EDUCATION SYSTEM IN EUROPE. STRENGHTS AND WEAKNESSES. Conclusions Antonio Pérez Gómez (Spanish educational theory expert)

In July 2024 we started this series of articles about the current state of Education in Europe, and now it is time to draw overall conclusions.
For much of modern history, Europe has viewed itself—and been viewed by others—as the intellectual heart of the world. Its universities, from Bologna to Oxford, have symbolised rigorous scholarship and innovation. Its thinkers have shaped educational philosophy from ancient Greece to the Humboldtian model. And yet, in the 21st century, this traditional centre of academic excellence finds itself increasingly challenged—not only by North America and Asia, but also by the legacy of its own reforms. Today, a closer look reveals a more fragmented picture of European education—one where excellence coexists with stagnation, and innovation is often undermined by instability.
One of the clearest indicators of this shift is found in global university rankings. In the 2026 edition of the QS World University Rankings, only five European institutions appear in the top 20—and four of them are in the United Kingdom, no longer an EU member. Outside these elite examples, many European universities struggle with bureaucratic inertia, limited funding, and governance constraints that hamper their global competitiveness.
In response to these challenges, the European Union has implemented broad structural reforms. The Bologna Process was meant to harmonise academic standards, ease mobility, and increase transparency across 49 countries. Erasmus+, its flagship exchange programme, has enabled millions of students and educators to study and work across borders. These are no small achievements. Yet critics argue that reforms have often prioritised form over substance—standardising degrees without fundamentally enhancing educational quality.
At the national level, models like Finland stand out as islands of success. Finnish schools are internationally admired for their equity, teacher quality, and student well-being. But even Finland’s approach, while inspiring, has proven difficult to replicate. Countries attempting to adopt its methods often overlook the deep cultural values—trust, autonomy, consensus—that underpin its success.
Other cases reveal the pitfalls of more politicised or fragmented systems. Spain, for instance, has introduced eight national education laws since the late 1970s, each aligned with the ruling party’s ideology.
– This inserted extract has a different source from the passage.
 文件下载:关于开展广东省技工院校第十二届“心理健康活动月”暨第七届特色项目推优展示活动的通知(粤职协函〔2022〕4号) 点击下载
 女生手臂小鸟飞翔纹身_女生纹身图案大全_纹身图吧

The result has been a system characterised by legislative volatility, low teacher morale, limited accountability, and one of the highest school dropout rates in the EU. Despite ambitious rhetoric around inclusion and innovation, many of Spain’s structural challenges—such as poor investment, weak teacher training, and lack of long-term consensus—remain unaddressed.
For Japanese readers, the European experience offers a timely reminder: educational success is not built solely on history or prestige. It requires coherence, stability, and a shared long-term vision that places teachers and learners at the centre. Japan, too, faces pressures—from demographic decline to digital transformation—and must navigate a path that balances cultural values with global competitiveness.
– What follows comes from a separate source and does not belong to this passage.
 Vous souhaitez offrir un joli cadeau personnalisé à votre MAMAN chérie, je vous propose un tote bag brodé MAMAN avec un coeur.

There is also an important lesson in humility. The assumption that Europe holds a permanent leadership role in education is being tested, not only by the rise of American and Asian universities, but also by the realities of European policymaking. Excellence must be earned continually, not inherited.
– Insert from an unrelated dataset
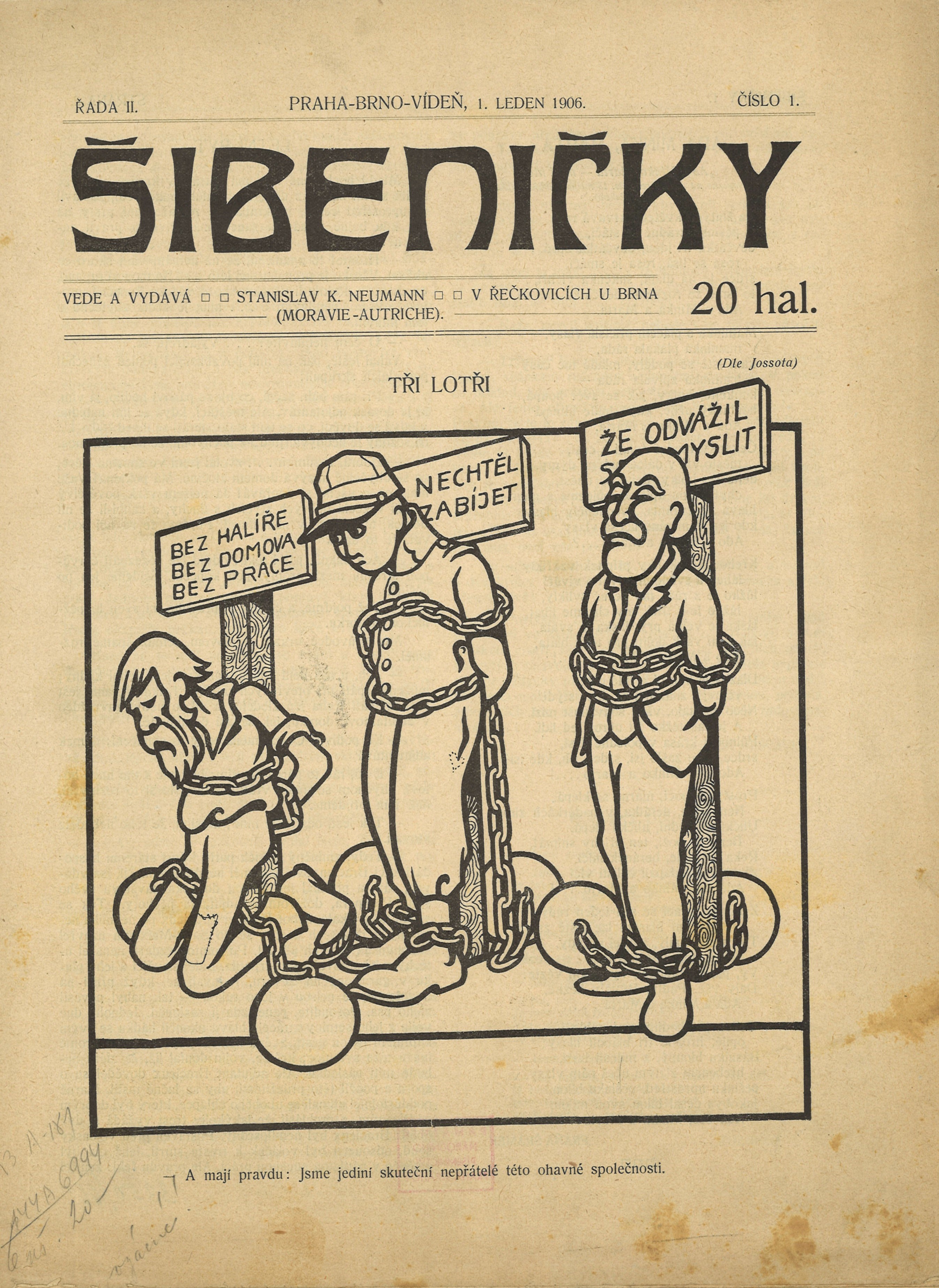 Klíčová slova politická satira * básně * próza * r. 1906 * české časopisy

In a world where innovation cycles are accelerating and the demand for adaptive, inclusive, and resilient education systems is growing, no single region holds all the answers. Instead, the future of education will depend on how well each society learns—not only from its successes, but from its own contradictions.
For policymakers in Japan and beyond, the European case underscores this simple truth: meaningful education reform cannot be imported wholesale. It must be built from within—deliberately, inclusively, and with patience. The question is not whether Europe remains a paradigm, but what kind of paradigm it wants to become.